The paper describes positioning using the trilateration and fingerprinting methods. Experiments were performed in a 3.44m to 1.80m classroom to determine optimum beacon placement density.
The main conclusion was that greatest signal attenuation and variation was caused by pedestrian traffic blocking the line of sight between iBeacon and receiver. High temperature and strong winds also caused minor discrepancies to the signals. Trees and nearby vehicle traffic didn’t have any negative effects on the signals.
Deployments should consider the line of sight as the first priority. For the above mentioned room size, positional accuracy increased when the number of beacons was increased from three to eight. Using more beacons didn’t improve accuracy. An average spacing of 4.4m is recommended for iBeacon deployment. A settings of 417ms transmission interval is advised as a compromise between battery life and positional accuracy.
The system automatically registers attendance without disturbing the class. It uses an iBeacon in each classroom to determine location. It also uses a camera and deep learning analysis to prevent students cheating the system by having someone else attend. The researchers say the system is better than biometric scanning and RFID that requires manual reading one by one.
The solution uses iBeacons but it’s the Bluetooth MAC address that’s used for room identification. The scanner and camera interface uses a Raspberry Pi that sends data to a server.
There are lots of ways of processing Bluetooth signal strength (RSSI) to determine location. Being based on radio, RSSI suffers from fluctuations, over time, even when the sender and receiver don’t move.

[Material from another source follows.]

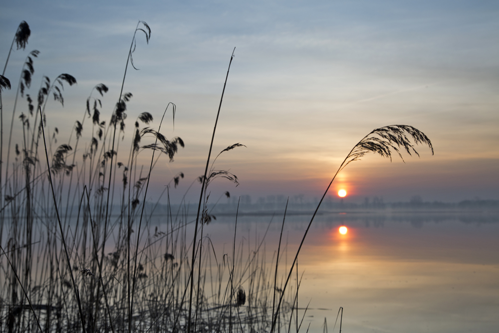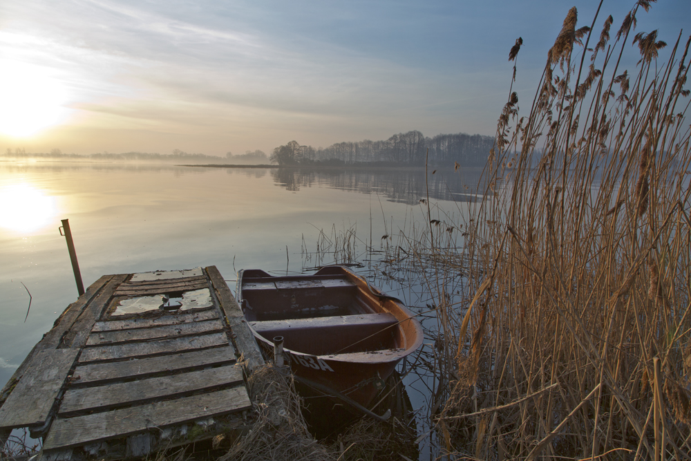 Kiedy już wiedziałem, że mam przynajmniej kilka zdjęć tego wschodzącego słońca na spokojnie już przeszedłem w inne miejsce, aby wykonać jeszcze jakieś kadry. Na zakończenie powróciłem do „punktu początkowego” i ponownie sfotografowałem łódkę. Spodobało mi się bowiem, że słońce tak mocną ją rozświetla wraz z trzcinami, trawami, które znajdowały się wokoło niej.

Trilateration and fingerprinting are common techniques to improve location accuracy based on RSSI. The paper improves on these by using analysis based on Kalman filtering of segments delimited by turns. This is used to derive locations based on pedestrian dead reckoning.
The researchers achieved a positioning accuracy of 2.75m.
This research looked into optimising the location of sensors as opposed to the more usual methods of filtering signals to improve accuracy. The aim was to reduce deployment costs by deploying more sensors in critical areas that were identified as needing greater positioning accuracy.
The critical-grid coverage scheme and NSGA-II algorithm were used to optimise the placement of iBeacon nodes in underground parking lots.